• _YOUR OBJECTIVE_
The lines below, from the one containing "ASOS DESIGN HIGH" through the one containing "5. ORICO PW-3A1U2C", should be set down exactly, with no pictures and nothing else.

• _EXERCISE INPUTS_
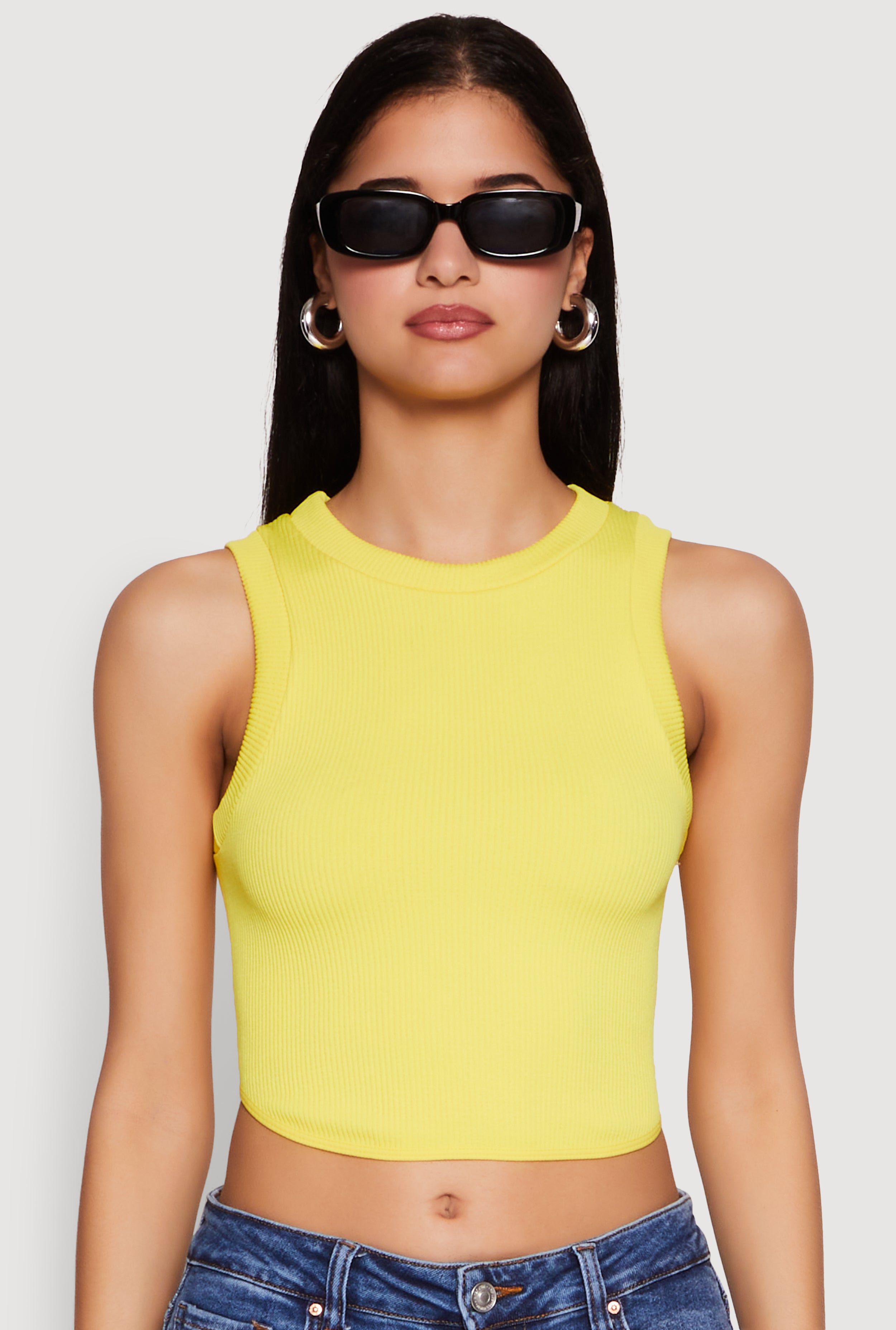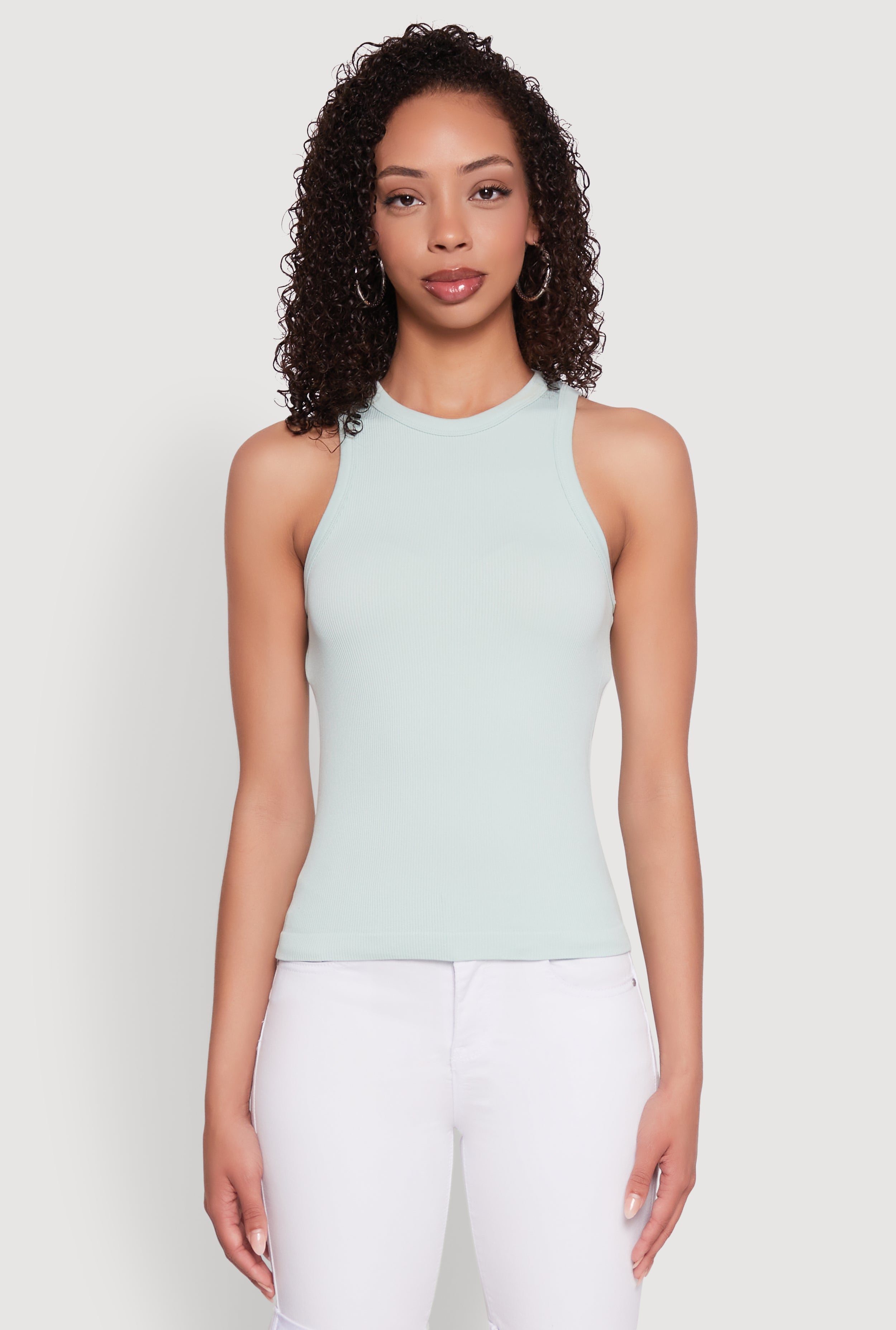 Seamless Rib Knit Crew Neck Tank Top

...

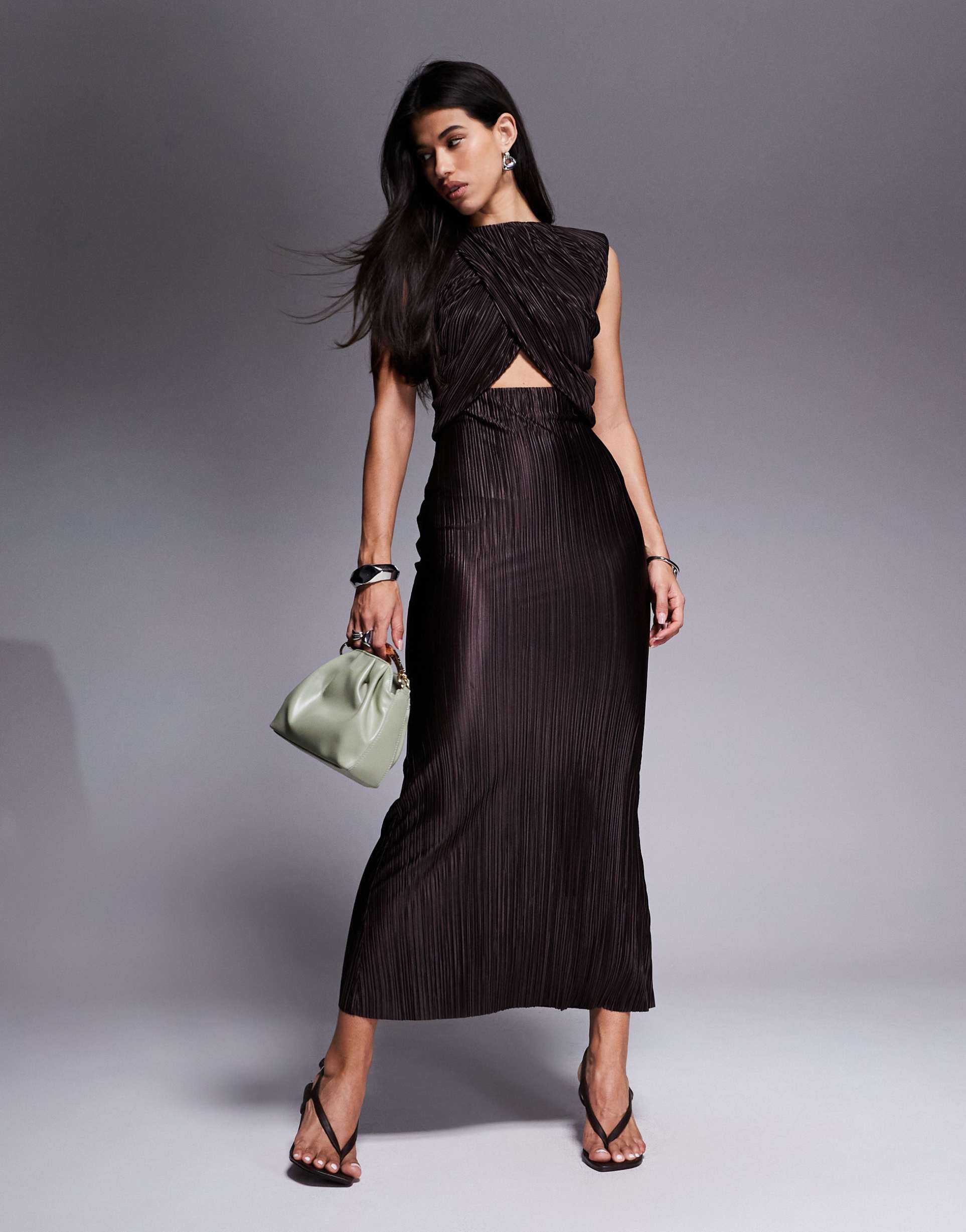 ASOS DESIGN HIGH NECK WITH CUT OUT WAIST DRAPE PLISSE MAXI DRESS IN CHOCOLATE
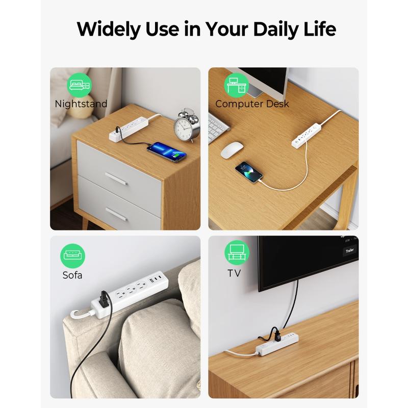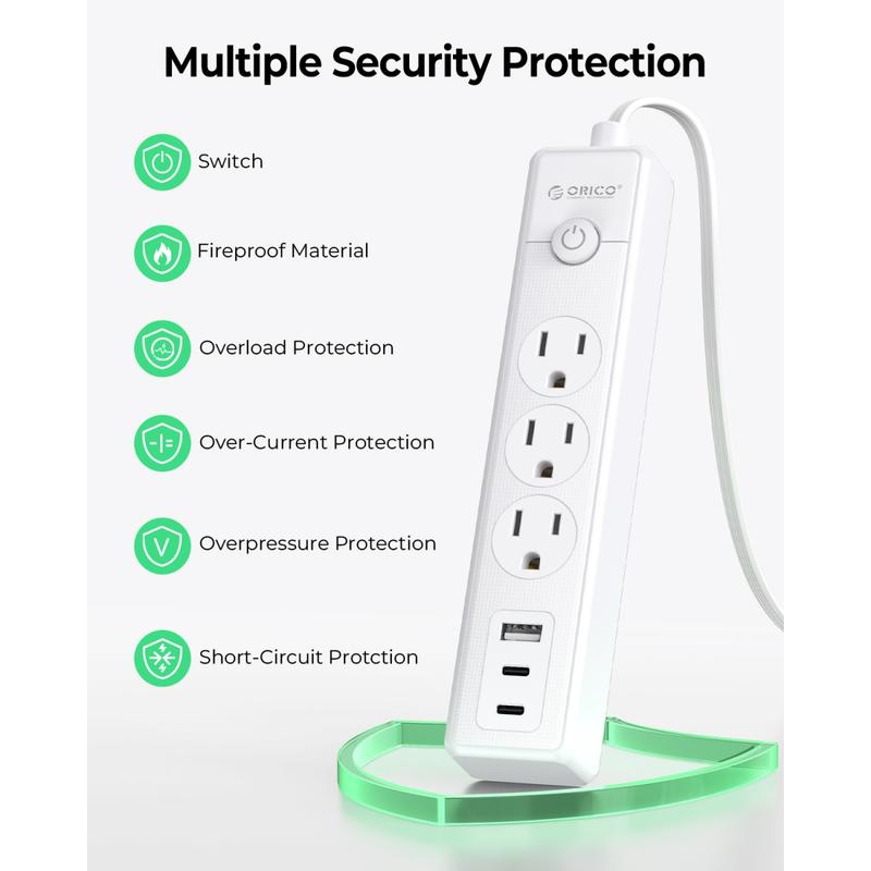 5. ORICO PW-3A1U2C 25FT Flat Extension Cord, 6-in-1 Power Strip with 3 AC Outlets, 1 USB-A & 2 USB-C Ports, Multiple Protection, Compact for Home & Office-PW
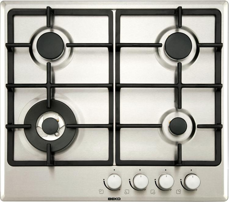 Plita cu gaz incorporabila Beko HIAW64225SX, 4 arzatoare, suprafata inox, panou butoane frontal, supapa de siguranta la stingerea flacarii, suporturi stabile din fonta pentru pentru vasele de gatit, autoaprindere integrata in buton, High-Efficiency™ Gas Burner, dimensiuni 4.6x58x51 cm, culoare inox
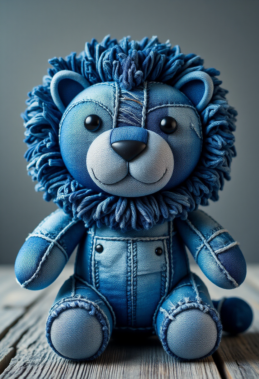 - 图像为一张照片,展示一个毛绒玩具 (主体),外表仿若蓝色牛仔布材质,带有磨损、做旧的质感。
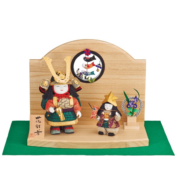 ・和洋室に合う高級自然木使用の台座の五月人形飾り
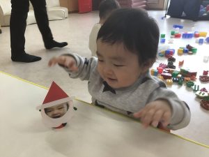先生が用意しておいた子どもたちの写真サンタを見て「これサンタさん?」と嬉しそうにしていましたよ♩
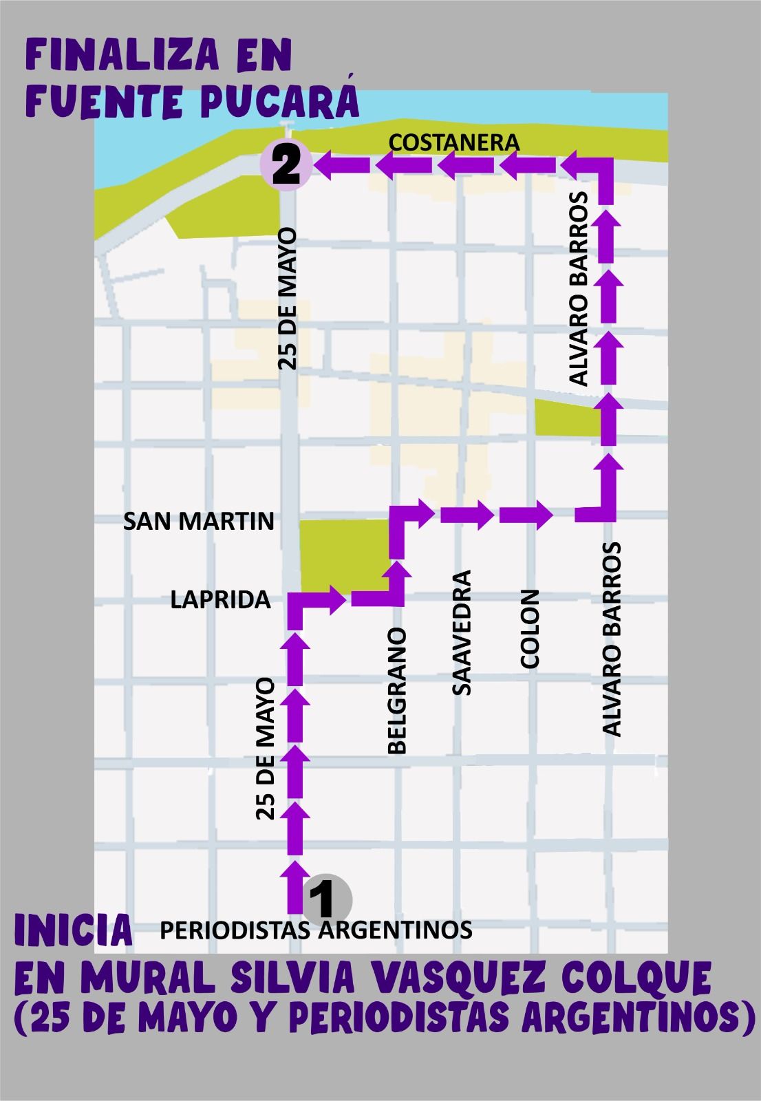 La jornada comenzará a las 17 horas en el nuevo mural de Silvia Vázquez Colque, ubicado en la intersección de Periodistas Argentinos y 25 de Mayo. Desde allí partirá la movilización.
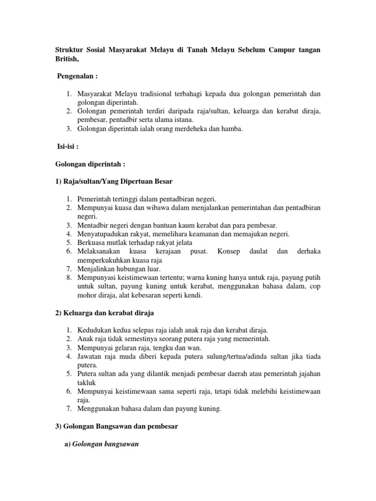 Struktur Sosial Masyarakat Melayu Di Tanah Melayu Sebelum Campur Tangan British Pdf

---

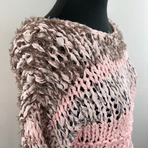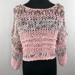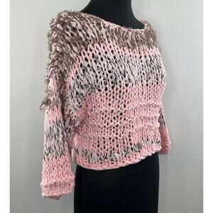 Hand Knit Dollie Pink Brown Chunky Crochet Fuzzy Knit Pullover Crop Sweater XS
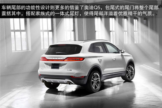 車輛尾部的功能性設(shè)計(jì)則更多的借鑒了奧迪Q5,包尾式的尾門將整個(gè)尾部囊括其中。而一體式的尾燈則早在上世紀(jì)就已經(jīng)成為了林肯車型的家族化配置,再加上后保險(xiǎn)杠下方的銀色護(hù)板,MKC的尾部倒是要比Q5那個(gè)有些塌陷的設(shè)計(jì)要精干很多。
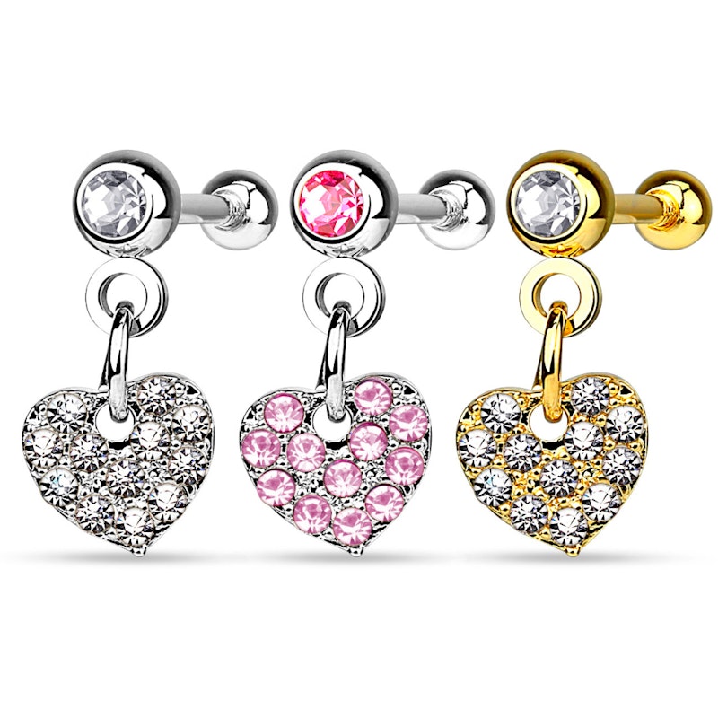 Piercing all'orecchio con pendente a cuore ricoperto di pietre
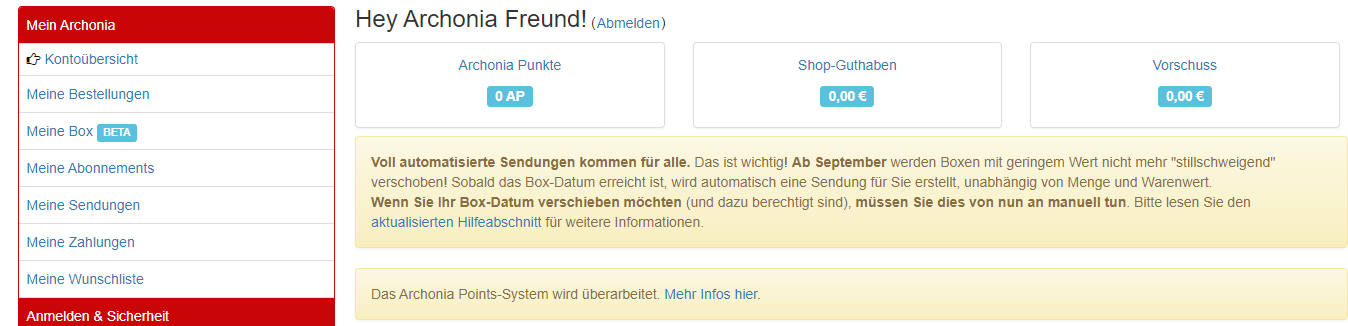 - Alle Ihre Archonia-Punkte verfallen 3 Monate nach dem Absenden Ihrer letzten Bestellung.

• _ANSWER SPACE_
 ASOS DESIGN HIGH NECK WITH CUT OUT WAIST DRAPE PLISSE MAXI DRESS IN CHOCOLATE
 5. ORICO PW-3A1U2C 25FT Flat Extension Cord, 6-in-1 Power Strip with 3 AC Outlets, 1 USB-A & 2 USB-C Ports, Multiple Protection, Compact for Home & Office-PW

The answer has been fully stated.